31 декабря 1964 года собрались все члены большой семьи Хрущёвых – это был первый за многие годы семейный Новый год.
«Телефоны на даче стояли в гостиной, соседствующей со столовой. Все они бездействовали, работал только городской, – рассказывал в своей книге об отце Сергей Хрущёв. – Поздравительных звонков было мало. К телефону бегал я, в большинстве случаев звонили мои друзья. Иногда отцу передавали поздравления какие-то старые знакомые из далекого прошлого – сослуживцы по Донбассу, мамины товарищи по Электроламповому заводу (она там работала в 1930-е годы). Но отца к телефону не приглашали. Поэтому я очень удивился, когда, в очередной раз подняв трубку, услышал чей-то знакомый голос:
– Никиту Сергеевича попрошу.
Мысли мои были настроены на «другую волну», и я не стал особенно ломать голову над тем, кто этот необычно храбрый абонент. Осведомляться же, кто звонит, я не счел возможным и, слегка растерявшись, крикнул в открытую дверь:
– Папа, тебя!
Отец поднял голову и какое-то мгновение не трогался с места. Казалось, он раздумывает, идти или не идти к телефону, и вообще, кто это мог позвонить. Но вопроса не задал, медленно поднялся и, шаркая по-стариковски ногами, пошел к телефону. (Такая у него теперь стала походка. Правда, вскоре она выправилась, и шаг отца обрел былую легкость).
– Алло, – отец взял трубку. Мы прислушивались к тишине.
– Спасибо, Анастас! – раздался помолодевший, почти прежний голос отца. – И тебя поздравляю с Новым годом. Передай мои поздравления семье… Спасибо, бодрюсь. Мое дело теперь пенсионерское. Учусь отдыхать… – пытался пошутить он.
Вскоре разговор закончился. Как будто в одночасье помолодевший отец показался в дверях.
– Микоян звонил, всех поздравляет, – отец сел на свое место.
Постепенно глаза его снова потухли. Звонок старого друга лишь ненадолго взбодрил его. Мы все обрадовались за отца: для него этот звонок небольшая, но радость. Значит, не все вычеркнули его из своей жизни. Порадовались и за Анастаса Ивановича: чтобы позвонить отцу, требовалось определенное мужество.
Звонок этот не прошел незамеченным. На следующий день информация о разговоре была направлена Семичастным Брежневу. Тот не оставил ее без внимания – Анастасу Ивановичу продемонстрировали крайнюю степень неудовольствия.
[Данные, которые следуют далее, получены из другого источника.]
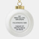 Custom Personalised CLASSIC CHRISTMAS TREE CERAMIC BALL PHOTO ORNAMENT. Gold hanger and hanging string. Your image and text printed in full colour on a 1.625" aluminium insert on the flattened front of the ball.
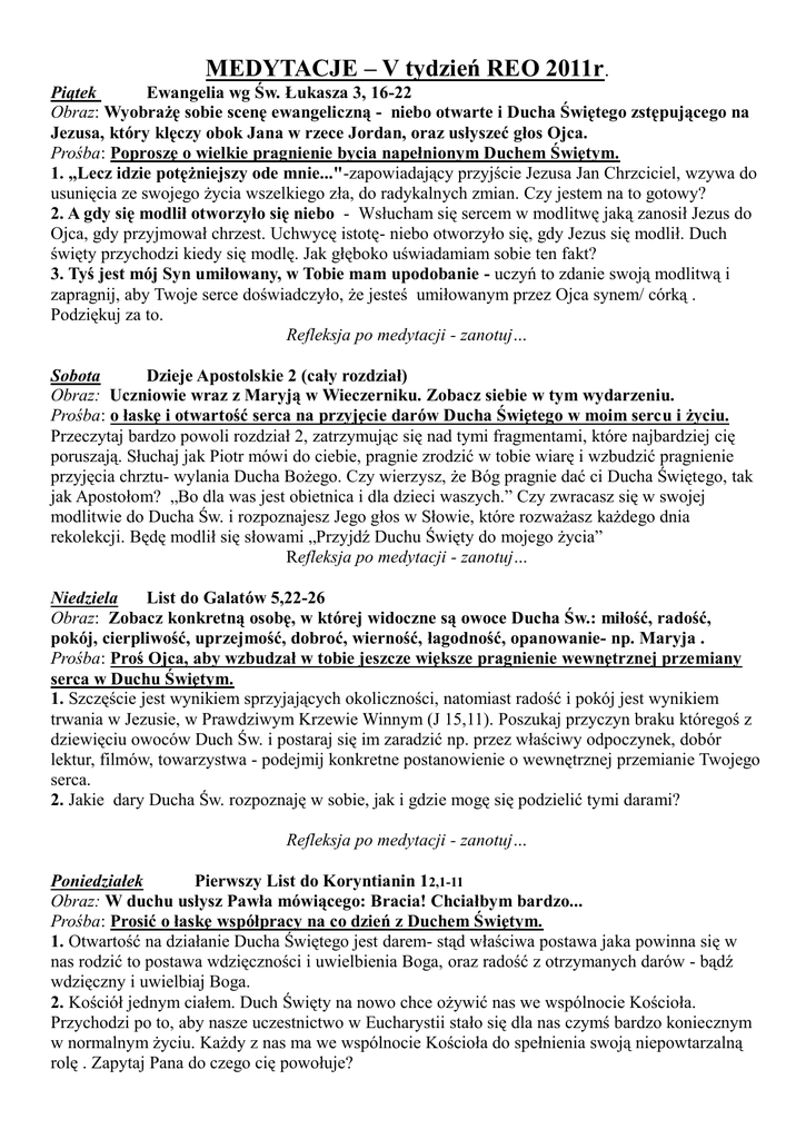MEDYTACJE – V tydzień REO 2011r. Piątek Ewangelia wg Św. Łukasza 3, 16-22 Obraz: Wyobrażę sobie scenę ewangeliczną - niebo otwarte i Ducha Świętego zstępującego na Jezusa, który klęczy obok Jana w rzece Jordan, oraz usłyszeć głos Ojca. Prośba: Poproszę o wielkie pragnienie bycia napełnionym Duchem Świętym. 1. „Lecz idzie potężniejszy ode mnie..."-zapowiadający przyjście Jezusa Jan Chrzciciel, wzywa do usunięcia ze swojego życia wszelkiego zła, do radykalnych zmian. Czy jestem na to gotowy? 2. A gdy się modlił otworzyło się niebo - Wsłucham się sercem w modlitwę jaką zanosił Jezus do Ojca, gdy przyjmował chrzest. Uchwycę istotę- niebo otworzyło się, gdy Jezus się modlił. Duch święty przychodzi kiedy się modlę. Jak głęboko uświadamiam sobie ten fakt? 3. Tyś jest mój Syn umiłowany, w Tobie mam upodobanie - uczyń to zdanie swoją modlitwą i zapragnij, aby Twoje serce doświadczyło, że jesteś umiłowanym przez Ojca synem/ córką . Podziękuj za to. Refleksja po medytacji - zanotuj… Sobota Dzieje Apostolskie 2 (cały rozdział) Obraz: Uczniowie wraz z Maryją w Wieczerniku. Zobacz siebie w tym wydarzeniu. Prośba: o łaskę i otwartość serca na przyjęcie darów Ducha Świętego w moim sercu i życiu. Przeczytaj bardzo powoli rozdział 2, zatrzymując się nad tymi fragmentami, które najbardziej cię poruszają. Słuchaj jak Piotr mówi do ciebie, pragnie zrodzić w tobie wiarę i wzbudzić pragnienie przyjęcia chrztu- wylania Ducha Bożego. Czy wierzysz, że Bóg pragnie dać ci Ducha Świętego, tak jak Apostołom? „Bo dla was jest obietnica i dla dzieci waszych.” Czy zwracasz się w swojej modlitwie do Ducha Św. i rozpoznajesz Jego głos w Słowie, które rozważasz każdego dnia rekolekcji. Będę modlił się słowami „Przyjdź Duchu Święty do mojego życia” Refleksja po medytacji - zanotuj… Niedziela List do Galatów 5,22-26 Obraz: Zobacz konkretną osobę, w której widoczne są owoce Ducha Św.: miłość, radość, pokój, cierpliwość, uprzejmość, dobroć, wierność, łagodność, opanowanie- np. Maryja . Prośba: Proś Ojca, aby wzbudzał w tobie jeszcze większe pragnienie wewnętrznej przemiany serca w Duchu Świętym. 1. Szczęście jest wynikiem sprzyjających okoliczności, natomiast radość i pokój jest wynikiem trwania w Jezusie, w Prawdziwym Krzewie Winnym (J 15,11). Poszukaj przyczyn braku któregoś z dziewięciu owoców Duch Św. i postaraj się im zaradzić np. przez właściwy odpoczynek, dobór lektur, filmów, towarzystwa - podejmij konkretne postanowienie o wewnętrznej przemianie Twojego serca. 2. Jakie dary Ducha Św. rozpoznaję w sobie, jak i gdzie mogę się podzielić tymi darami? Refleksja po medytacji - zanotuj… Poniedziałek Pierwszy List do Koryntianin 12,1-11 Obraz: W duchu usłysz Pawła mówiącego: Bracia! Chciałbym bardzo... Prośba: Prosić o łaskę współpracy na co dzień z Duchem Świętym. 1. Otwartość na działanie Ducha Świętego jest darem- stąd właściwa postawa jaka powinna się w nas rodzić to postawa wdzięczności i uwielbienia Boga, oraz radość z otrzymanych darów - bądź wdzięczny i uwielbiaj Boga. 2. Kościół jednym ciałem. Duch Święty na nowo chce ożywić nas we wspólnocie Kościoła. Przychodzi po to, aby nasze uczestnictwo w Eucharystii stało się dla nas czymś bardzo koniecznym w normalnym życiu. Każdy z nas ma we wspólnocie Kościoła do spełnienia swoją niepowtarzalną rolę . Zapytaj Pana do czego cię powołuje? Refleksja po medytacji - zanotuj… Wtorek Pierwszy List do Koryntianin 13 Obraz: obraz Boga, który jest miłością Prośba: proś, aby Bóg rozwijał w tobie największy dar - miłość. 1. „Pokażę wam teraz drogę, która przewyższa wszystkie inne”- Bóg wskazuje niezawodną drogę, którą jest miłość. Tylko dzięki miłości, wszelkie ludzkie działanie jest piękne i zachowuje swoją wartość. Czy czujesz się zaproszony do kroczenia tą drogą? 2. „Miłość jest...”- wczytuj się powoli w przymioty miłości i rozważaj je w swoim sercu, odnosząc do siebie -ułatwi ci to wstawienie swojego imienia w miejscu słowa „Miłość” podczas czytania. 3. „Gdy byłem dzieckiem...” - proś Pana o wielki dar miłości, abyś był zdolny kochać nawet swoich nieprzyjaciół, aby Jego miłość cię do tego uzdalniała. Refleksja po medytacji - zanotuj… Środa Ewangelia wg Św. Jana 14,25-27; 15,12-17 Obraz: Zobaczyć wspólnotę ludzi, którą prowadzi Duch Święty Prośba: Prosić o łaskę otwarcia się na przemieniające działanie Boga we wspólnocie. 1. Obietnica Jezusa - to troska o każdego z nas, zapewnienie o Jego opiece. To Jego obietnica, że będzie nas prowadził obdarowywał, udzielał światła i mocy. Jak to przyjmuję? 2. Przyjaźń z Jezusem - czynić to, czego chce Bóg, robić to dla Niego, a nie dla siebie , zaangażować się w sprawy Jego Królestwa. Razem z Nim szukać zagubionych owiec, działać nie samemu, ale razem z Nim. Rozmawiaj szczerze z Panem o tym, jak dotychczas wyglądała twoja postawa wobec Niego i jak Pan pragnie cię kształtować? Refleksja po medytacji - zanotuj… Czwartek Ewangelia wg Św. Łukasza 1, 26-38 Obraz: Zobacz Maryję w jej domu w Nazarecie. Stań przy Maryi, która się modli. Prośba: Proś o łaskę ufności w to, że Bóg ma moc uczynić cię świętym. 1. Świętość w zwyczajności - popatrz, że Maryja jest błogosławioną kobietą, ale tak normalnie żyjącą, w małej miejscowości, w skromnych warunkach. Jest dziewczyną, która prowadzi normalne, spokojne życie. Odnieś to do swojego życia. 2. Tajemnica Boga- zobacz jak przychodzi do Niej Anioł. Może zastanawiała się, czy to nie sen, czy to się dzieje naprawdę. Posłuchaj pierwszych słów Anioła, zobacz zdziwienie Maryi, Jej niepewność i to jak prosi Ona o wyjaśnienie, by coś więcej zrozumieć. Bądź przy tej tajemnicy i ucz się odwagi od Maryi.

Больше отца не поздравил никто из тех, кому было что терять…»
Первые два года жизни на пенсии были для Хрущёва наиболее трудными. Но позднее он привык к своему положению и становился все более общительным: чаще ездил в Москву и прогуливался по улицам в сопровождении жены и охраны, посещал концерты и театральные постановки, стал много читать.
«У него имелась громадная личная библиотека, он мог получать в прошлом любые из выходивших в стране книг, – поясняли Рой и Жорес Медведевы. – Иногда Никита Сергеевич смотрел телевизор. (…) Со временем Хрущёва стала обуревать жажда деятельности. Его старый интерес к фотографии неожиданно перерос в серьезное увлечение. (…) Фотообъекты, как правило, были незамысловаты: любимый пес Хрущёва по кличке Арбат, цветы, которые он сам выращивал, нечастые гости, деревья в лесу и на дачном участке. (…) Однако главным увлечением Хрущёва по-прежнему оставалось возделывание земли – его сад и огород. С ранней весны и до поздней осени большую часть времени он проводил в заботах о своем небольшом хозяйстве. Он выписывал и доставал множество семян различных культур, в том числе и из южных районов. Конечно, были у него на участке и разные виды кукурузы. Гордостью Никиты Сергеевича стали помидоры. В 1967 году он сумел вырастить около 200 кустов помидоров особого сорта с плодами до килограмма весом».
Первые разговоры о мемуарах Никиты Сергеевича начались в 1966 году, когда он стал поправляться после болезни, а пик работы над ними пришелся на зиму 1967-1968 гг. Брежнев к тому времени уже набрал силу и начал очень внимательно следить за отражением своей личности в зеркале истории. Донесение, что Хрущёв диктует свои мемуары, чрезвычайно обеспокоило Леонида Ильича. Было поручено провести с пенсионером беседу и покончить с мемуарами. Но из этого ничего не вышло.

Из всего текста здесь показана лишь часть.